» **What you should do**:
All that is needed is the line containing "2025. gada jūnija" together with each line after it, transcribed exactly to the end of the records.

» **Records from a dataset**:
..........

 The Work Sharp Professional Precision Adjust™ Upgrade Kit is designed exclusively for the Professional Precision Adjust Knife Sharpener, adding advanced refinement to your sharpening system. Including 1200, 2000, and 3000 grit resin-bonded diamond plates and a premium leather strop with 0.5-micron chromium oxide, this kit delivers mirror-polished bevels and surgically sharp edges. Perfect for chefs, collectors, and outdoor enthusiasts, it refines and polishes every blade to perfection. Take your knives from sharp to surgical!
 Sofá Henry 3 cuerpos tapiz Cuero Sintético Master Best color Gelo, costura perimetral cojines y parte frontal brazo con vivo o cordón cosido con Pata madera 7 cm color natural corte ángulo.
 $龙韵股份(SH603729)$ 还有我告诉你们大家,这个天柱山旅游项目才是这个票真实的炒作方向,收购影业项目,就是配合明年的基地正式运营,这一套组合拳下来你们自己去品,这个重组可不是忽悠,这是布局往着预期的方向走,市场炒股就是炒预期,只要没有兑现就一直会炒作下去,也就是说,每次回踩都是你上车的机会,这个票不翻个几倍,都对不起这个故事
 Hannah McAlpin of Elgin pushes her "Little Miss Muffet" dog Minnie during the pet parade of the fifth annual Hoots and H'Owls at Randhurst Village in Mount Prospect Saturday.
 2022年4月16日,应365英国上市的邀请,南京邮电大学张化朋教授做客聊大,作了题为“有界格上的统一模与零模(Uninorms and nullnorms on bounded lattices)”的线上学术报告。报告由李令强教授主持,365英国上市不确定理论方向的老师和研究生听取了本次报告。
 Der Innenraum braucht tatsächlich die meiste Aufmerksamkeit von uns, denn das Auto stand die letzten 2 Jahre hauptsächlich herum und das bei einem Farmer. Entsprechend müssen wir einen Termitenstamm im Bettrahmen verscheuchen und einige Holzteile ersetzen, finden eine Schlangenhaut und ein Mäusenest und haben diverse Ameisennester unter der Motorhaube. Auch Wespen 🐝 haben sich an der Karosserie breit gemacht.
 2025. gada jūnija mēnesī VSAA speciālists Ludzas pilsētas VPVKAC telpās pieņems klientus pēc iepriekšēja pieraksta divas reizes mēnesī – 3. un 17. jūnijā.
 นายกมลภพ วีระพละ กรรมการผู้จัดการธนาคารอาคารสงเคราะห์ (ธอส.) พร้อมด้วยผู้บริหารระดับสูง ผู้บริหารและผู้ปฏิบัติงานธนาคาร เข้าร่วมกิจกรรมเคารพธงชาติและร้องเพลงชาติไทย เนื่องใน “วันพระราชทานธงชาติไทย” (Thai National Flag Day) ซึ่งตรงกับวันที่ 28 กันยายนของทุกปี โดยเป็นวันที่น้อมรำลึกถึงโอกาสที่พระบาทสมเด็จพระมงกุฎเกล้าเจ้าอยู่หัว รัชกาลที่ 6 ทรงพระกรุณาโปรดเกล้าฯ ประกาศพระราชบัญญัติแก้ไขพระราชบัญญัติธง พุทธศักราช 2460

..........

» **Exercise result**:
 2025. gada jūnija mēnesī VSAA speciālists Ludzas pilsētas VPVKAC telpās pieņems klientus pēc iepriekšēja pieraksta divas reizes mēnesī – 3. un 17. jūnijā.
 นายกมลภพ วีระพละ กรรมการผู้จัดการธนาคารอาคารสงเคราะห์ (ธอส.) พร้อมด้วยผู้บริหารระดับสูง ผู้บริหารและผู้ปฏิบัติงานธนาคาร เข้าร่วมกิจกรรมเคารพธงชาติและร้องเพลงชาติไทย เนื่องใน “วันพระราชทานธงชาติไทย” (Thai National Flag Day) ซึ่งตรงกับวันที่ 28 กันยายนของทุกปี โดยเป็นวันที่น้อมรำลึกถึงโอกาสที่พระบาทสมเด็จพระมงกุฎเกล้าเจ้าอยู่หัว รัชกาลที่ 6 ทรงพระกรุณาโปรดเกล้าฯ ประกาศพระราชบัญญัติแก้ไขพระราชบัญญัติธง พุทธศักราช 2460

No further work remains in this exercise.